(Excerpts from a dataset)
####

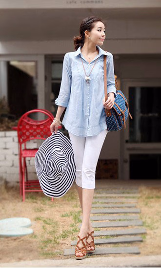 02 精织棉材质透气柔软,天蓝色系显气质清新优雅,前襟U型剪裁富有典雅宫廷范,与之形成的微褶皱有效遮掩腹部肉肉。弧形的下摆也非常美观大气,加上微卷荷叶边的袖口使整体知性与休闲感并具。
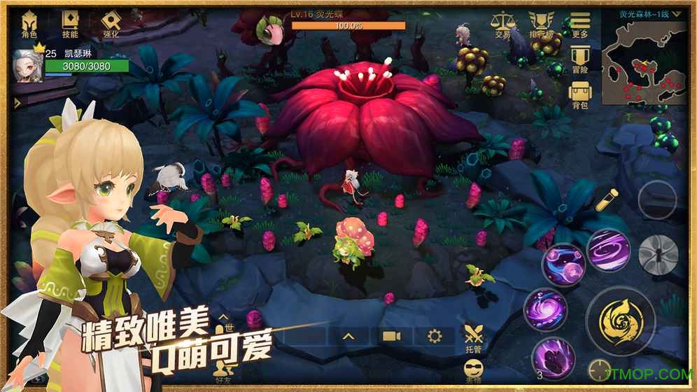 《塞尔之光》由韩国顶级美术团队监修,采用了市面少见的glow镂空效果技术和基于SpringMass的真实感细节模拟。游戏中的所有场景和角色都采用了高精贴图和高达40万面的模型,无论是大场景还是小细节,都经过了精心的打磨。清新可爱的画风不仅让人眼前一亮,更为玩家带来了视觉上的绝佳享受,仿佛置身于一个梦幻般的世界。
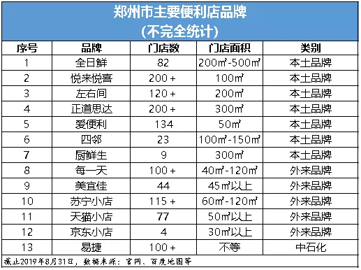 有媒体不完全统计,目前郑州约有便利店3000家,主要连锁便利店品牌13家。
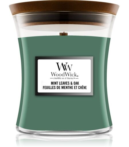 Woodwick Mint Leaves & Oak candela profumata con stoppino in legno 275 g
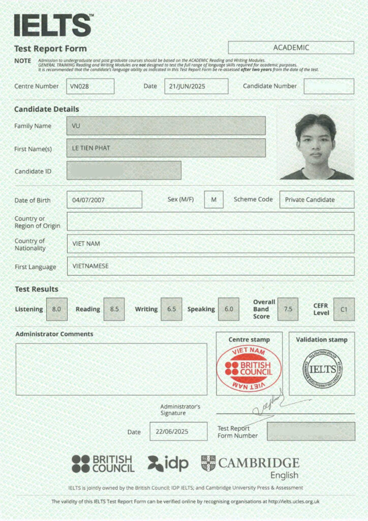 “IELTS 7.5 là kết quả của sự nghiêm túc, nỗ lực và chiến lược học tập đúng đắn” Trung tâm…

####

PROBLEM -> Down to the last line, return the entries above exactly, with no pictures.

WRITTEN REPLY ->
 02 精织棉材质透气柔软,天蓝色系显气质清新优雅,前襟U型剪裁富有典雅宫廷范,与之形成的微褶皱有效遮掩腹部肉肉。弧形的下摆也非常美观大气,加上微卷荷叶边的袖口使整体知性与休闲感并具。
 《塞尔之光》由韩国顶级美术团队监修,采用了市面少见的glow镂空效果技术和基于SpringMass的真实感细节模拟。游戏中的所有场景和角色都采用了高精贴图和高达40万面的模型,无论是大场景还是小细节,都经过了精心的打磨。清新可爱的画风不仅让人眼前一亮,更为玩家带来了视觉上的绝佳享受,仿佛置身于一个梦幻般的世界。
 有媒体不完全统计,目前郑州约有便利店3000家,主要连锁便利店品牌13家。
 Woodwick Mint Leaves & Oak candela profumata con stoppino in legno 275 g
 “IELTS 7.5 là kết quả của sự nghiêm túc, nỗ lực và chiến lược học tập đúng đắn” Trung tâm…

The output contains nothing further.